The relative system Taplow tested was the relative percentile method (RPM). This was a modern socialcomparative rating method that asked managers to assign percentile scores to each employee’s performance across a set of performance dimensions. The rating was made in reference to the performance of the employee’s peers both within and beyond the company.

Finally, Taplow tested the use of qualitative performance feedback only, based on an emerging trend in the human resources community toward the abandonment of scoring in performance management systems altogether. Instead of scores, people were given only qualitative feedback, with the intention that such feedback would be free from the often-demotivating factors associated with numerical ratings and rankings and would thus encourage higher levels of engagement and overall job performance.

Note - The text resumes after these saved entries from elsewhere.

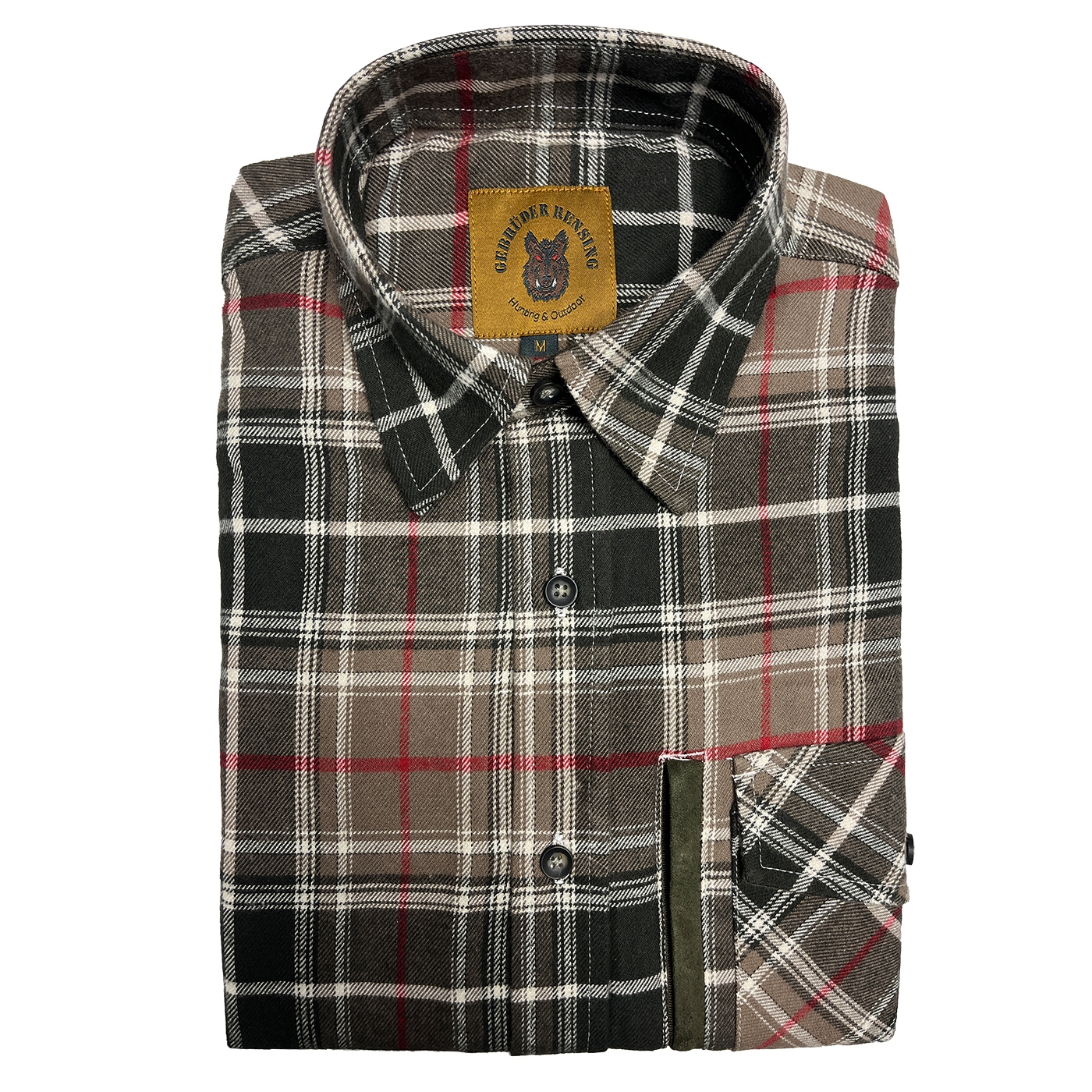 Entdecken Sie das Rensing Flanell-Karohemd in stilvollem beige/oliv/rot, ideal für Jagd, Freizeit und Waldspaziergänge. Dieses schicke Langarm Hemd aus bequemer Baumwollqualität bietet höchsten Tragekomfort. Es ist ausgestattet mit einer praktischen Brusttasche mit Knopfverschluss und einer zusätzlichen Reißverschluss-Brusttasche für sicheren Stauraum. Die Velourslederimitat-Besätze an den Ärmeln und der abgerundete Saum verleihen dem Hemd eine edle Note.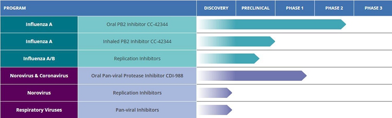 We received authorization from the United Kingdom Medicines and Healthcare Products Regulatory Agency (MHRA) to conduct a Phase 2a human challenge study with oral CC-42344 as a potential treatment for pandemic and seasonal influenza A. This randomized, double-blind, placebo-controlled study is designed to evaluate the safety, tolerability, viral and clinical measurements of influenza A infection in subjects dosed with oral CC-42344 treatment. In May 2024 we announced completion of enrollment of 78 subjects. In December 2024, the Company announced plans to extend enrollment for the oral CDI-42344 Phase 2a study due to unexpectedly low influenza infection among study participants. Specifically, management determined that an extension of the study is necessary due to low infectivity rate of the challenge influenza strain used in this study, as the establishment of robust influenza infection in healthy, uninfected study subjects is critical to determine clinical endpoints for evaluating antiviral molecule, and the low infectivity obtained in this study hindered antiviral data analysis. The Company is currently in continuing discussions with the clinical research organization to address this study and determine a course forward with respect thereto, including potentially by preparing a protocol amendment or a resubmission for approval by the United Kingdom Medicines and Healthcare Products Regulatory Agency (“MHRA”) in order to seek enrollment to study and to ensure necessary infection rates among enrolled study subjects in the study. CC-42344 has demonstrated favorable safety and tolerability profile from the Phase 2a study to date, with no SAEs and no drug-related discontinuations by study participants.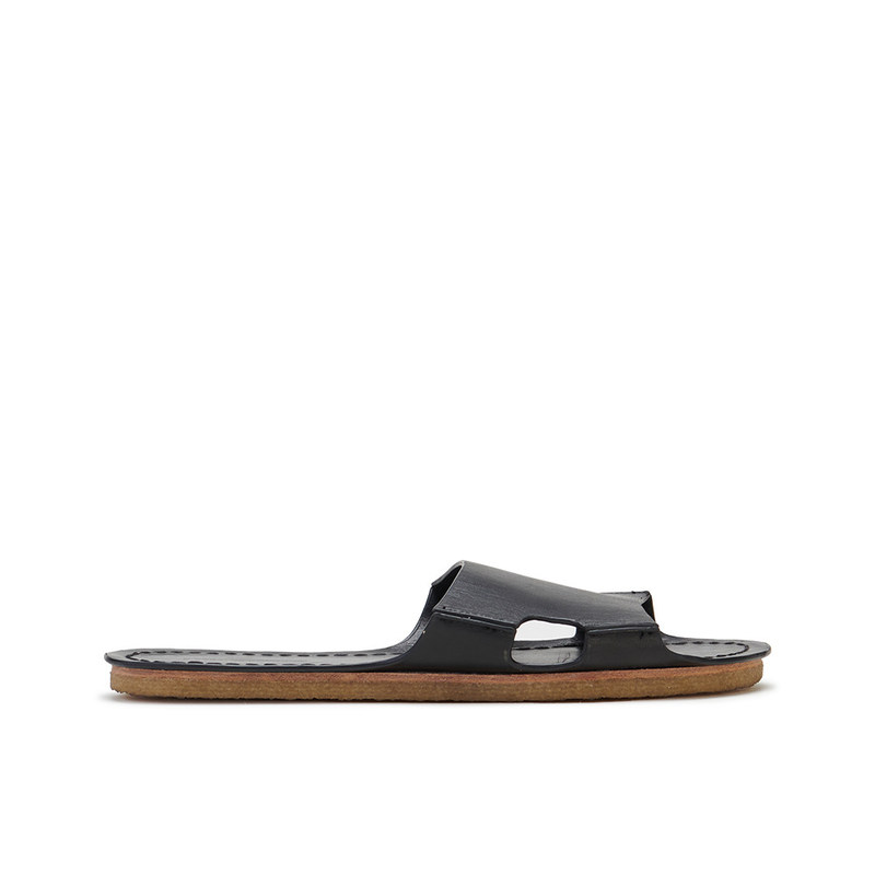 Γυναικεία πλατά σανδάλια από δέρμα αγελάδας με ανοιχτό δάχτυλο και σχεδιασμό γλίστρου

In the spirit of investigation, Taplow set out to test which model might work best at iQmetrix. To this end, she examined employee reactions to these four different performance management models. Each of the four models was implemented in four different parts of the organization for six months. At the end of six months, Taplow began to collect data on managerial perceptions, employee perceptions, and performance, which would help her decide which system should then be rolled out to the entire organization. Today, she had her data; she turned to the to the Excel spreadsheet and opened the file.

What study design did iQmetrix use? Did it provide the information that Taplow required? What did she find?

Is anything missing from the iQmetrix study? What? What are some of the study’s limitations? Would you have done anythhing differently?

What are your recommendations for Taplow? Why?